EXERCISE GOAL
Restate word for word the lines below from the one that has "Сертификаты о соответствии Татпроф" through the one that has "空間承載并展示了休閑、聚會、", keeping both and dropping all pictures.

SOURCE DATA
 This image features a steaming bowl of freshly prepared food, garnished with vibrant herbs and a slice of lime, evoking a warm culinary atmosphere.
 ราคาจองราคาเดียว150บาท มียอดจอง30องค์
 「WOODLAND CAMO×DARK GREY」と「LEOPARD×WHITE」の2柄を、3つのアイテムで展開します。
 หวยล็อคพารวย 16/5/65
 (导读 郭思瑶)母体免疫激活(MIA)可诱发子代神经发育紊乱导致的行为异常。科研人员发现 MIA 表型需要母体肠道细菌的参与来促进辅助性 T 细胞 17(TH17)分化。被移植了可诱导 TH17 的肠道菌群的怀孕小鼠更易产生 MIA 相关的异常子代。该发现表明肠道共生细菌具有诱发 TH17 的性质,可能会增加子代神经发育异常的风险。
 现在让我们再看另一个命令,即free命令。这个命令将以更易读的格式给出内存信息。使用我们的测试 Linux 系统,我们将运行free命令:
==
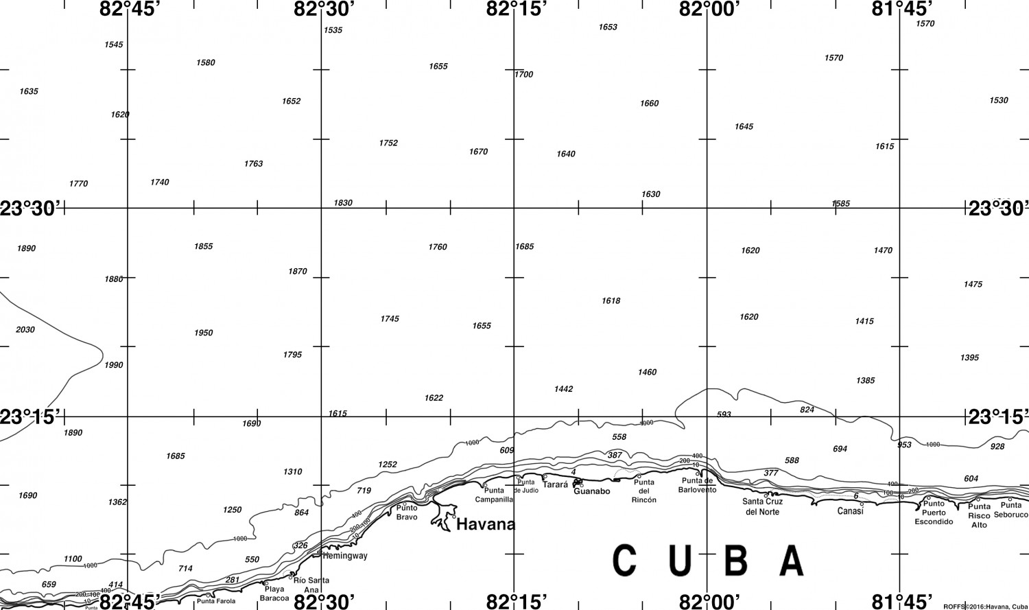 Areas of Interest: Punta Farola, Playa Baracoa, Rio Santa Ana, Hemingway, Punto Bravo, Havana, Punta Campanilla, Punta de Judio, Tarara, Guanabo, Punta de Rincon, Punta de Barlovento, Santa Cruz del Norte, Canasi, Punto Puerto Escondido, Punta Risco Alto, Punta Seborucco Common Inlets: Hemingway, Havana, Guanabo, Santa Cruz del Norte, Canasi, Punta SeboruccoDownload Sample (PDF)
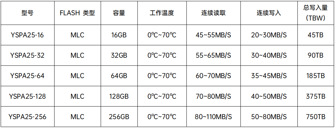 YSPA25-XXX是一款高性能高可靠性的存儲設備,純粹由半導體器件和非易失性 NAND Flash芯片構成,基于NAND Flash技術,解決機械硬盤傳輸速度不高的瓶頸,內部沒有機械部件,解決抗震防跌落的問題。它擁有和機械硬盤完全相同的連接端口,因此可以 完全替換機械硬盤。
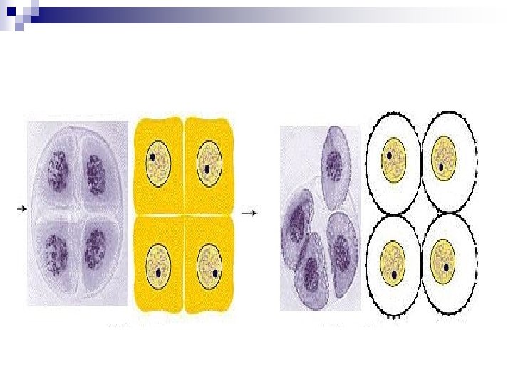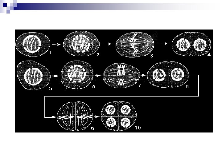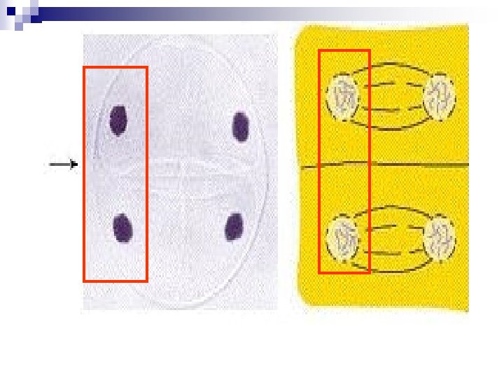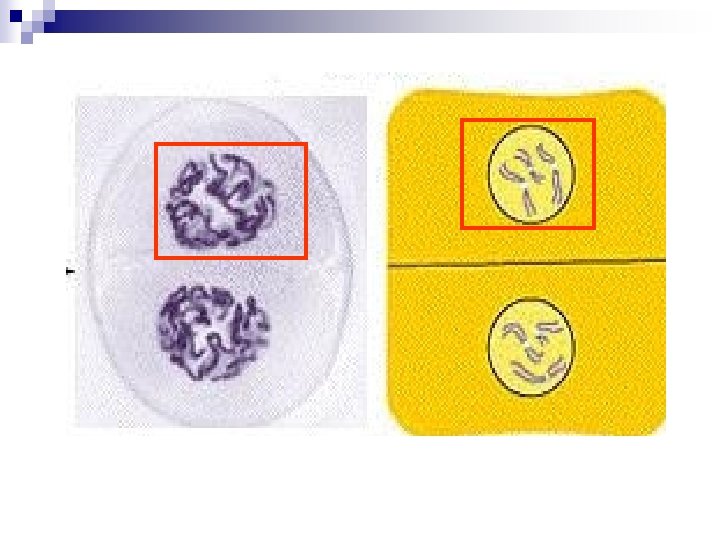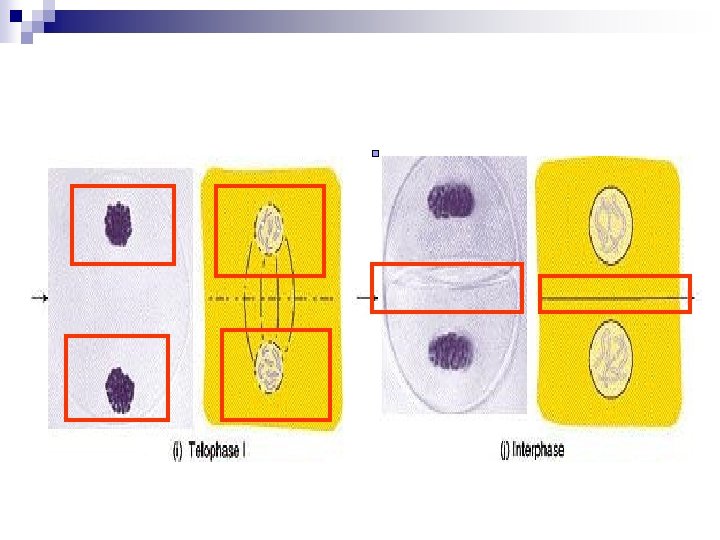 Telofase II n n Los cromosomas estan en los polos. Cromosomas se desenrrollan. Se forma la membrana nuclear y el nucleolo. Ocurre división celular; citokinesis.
---
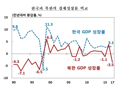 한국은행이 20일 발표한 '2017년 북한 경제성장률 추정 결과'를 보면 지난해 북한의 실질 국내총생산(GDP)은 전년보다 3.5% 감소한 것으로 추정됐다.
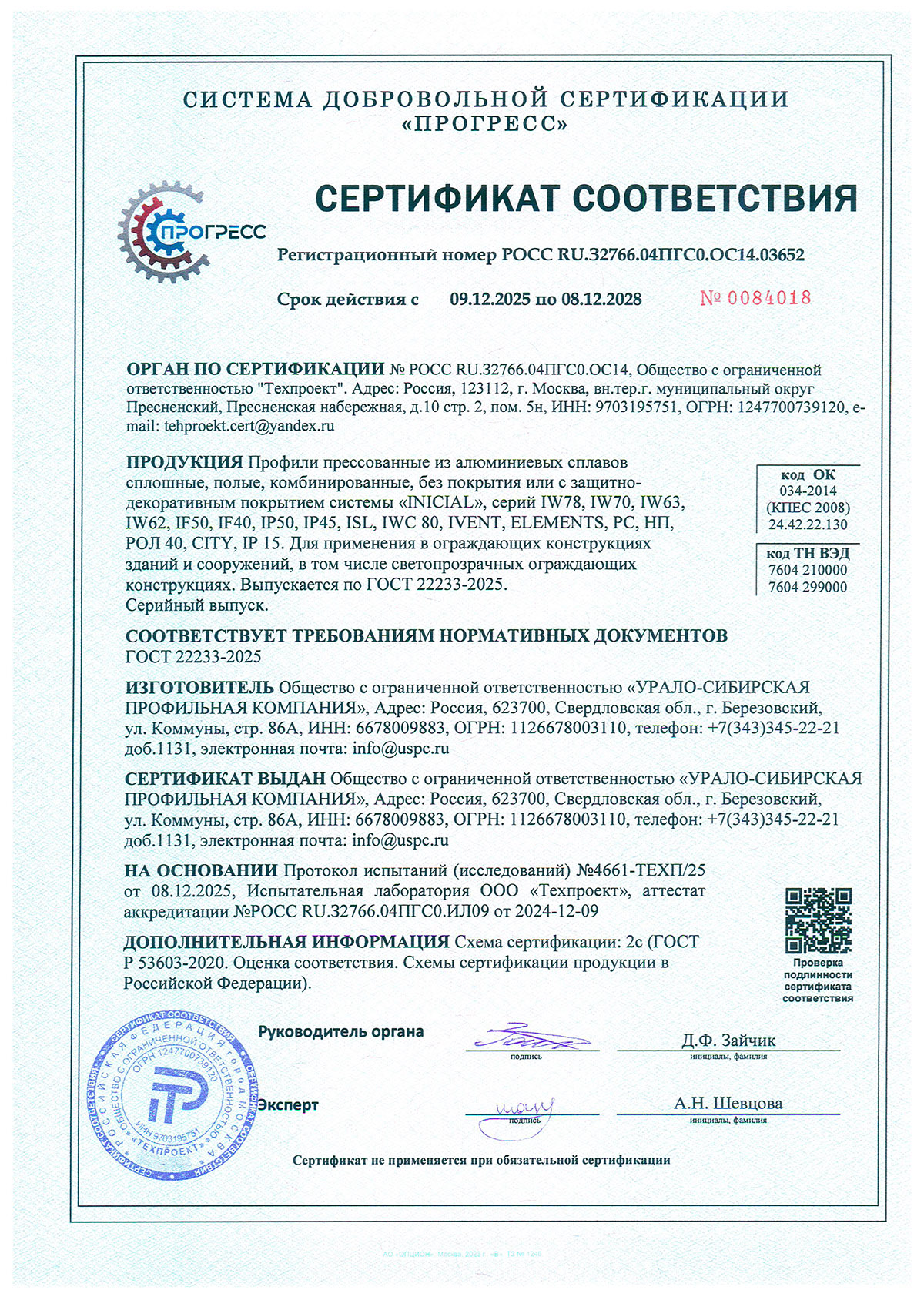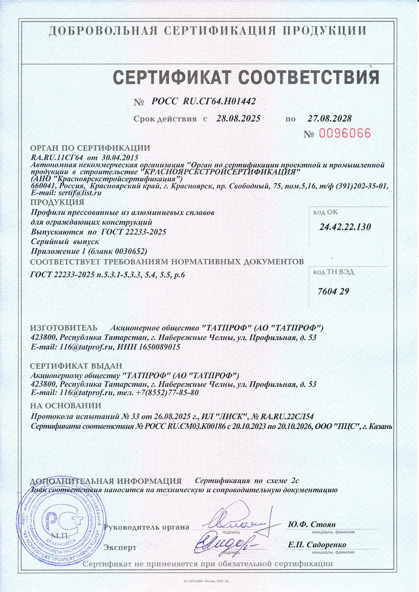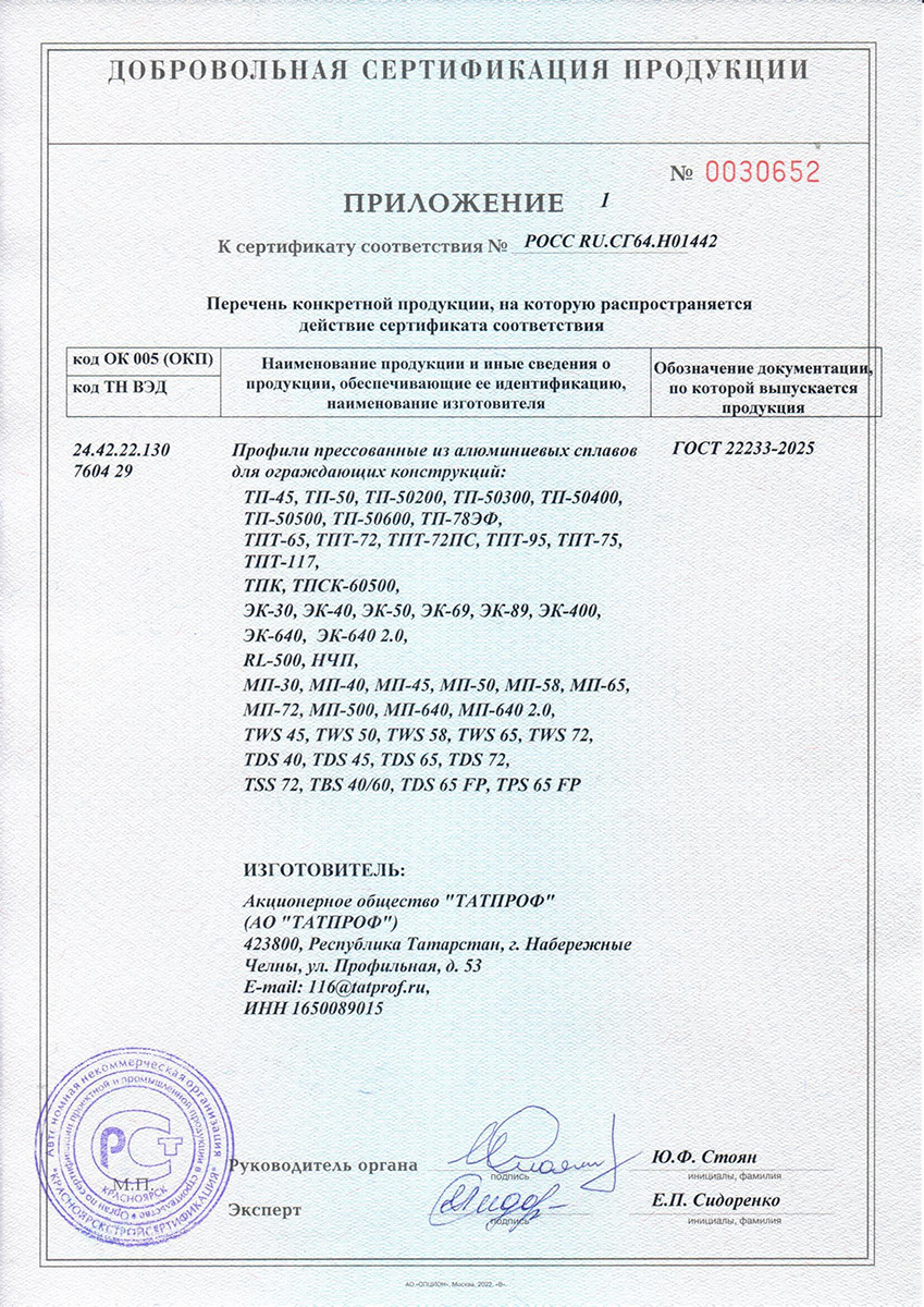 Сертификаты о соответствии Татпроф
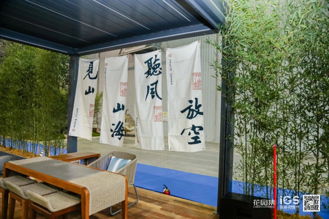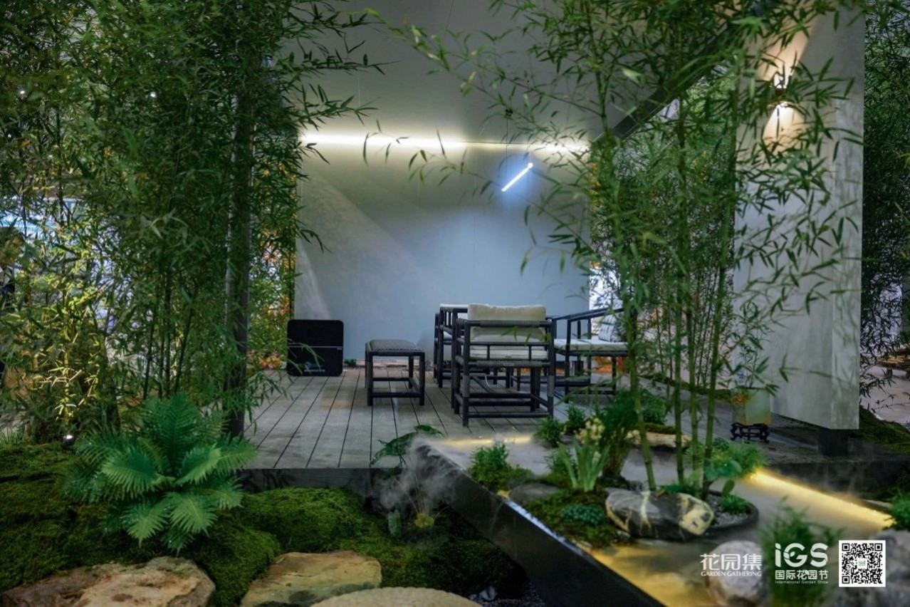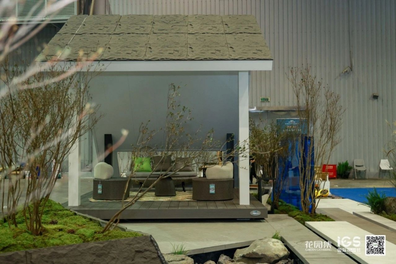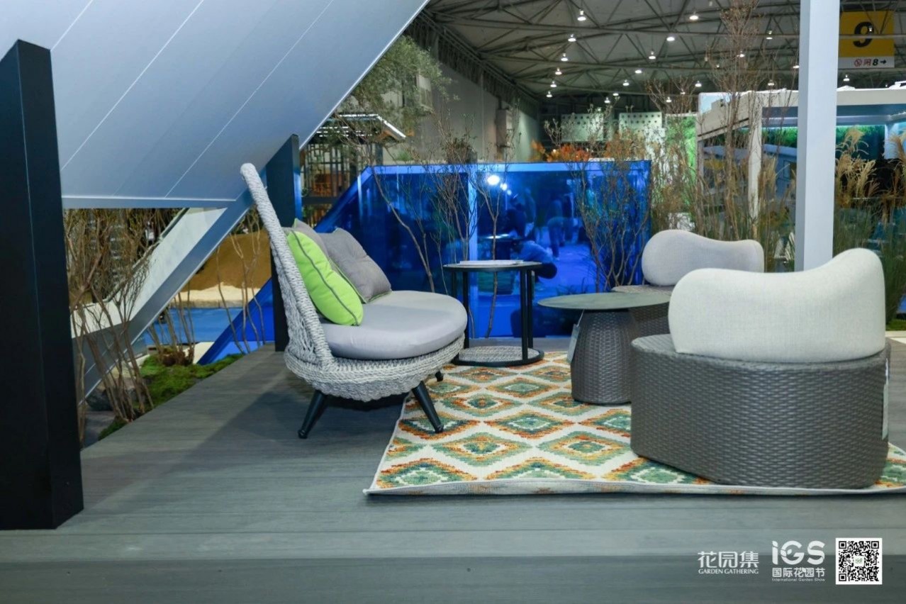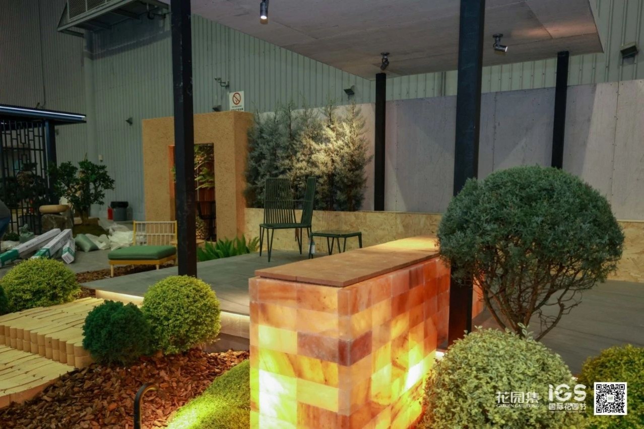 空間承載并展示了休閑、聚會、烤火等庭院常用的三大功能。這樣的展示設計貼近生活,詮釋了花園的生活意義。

ANSWER SPACE
 Сертификаты о соответствии Татпроф
 空間承載并展示了休閑、聚會、烤火等庭院常用的三大功能。這樣的展示設計貼近生活,詮釋了花園的生活意義。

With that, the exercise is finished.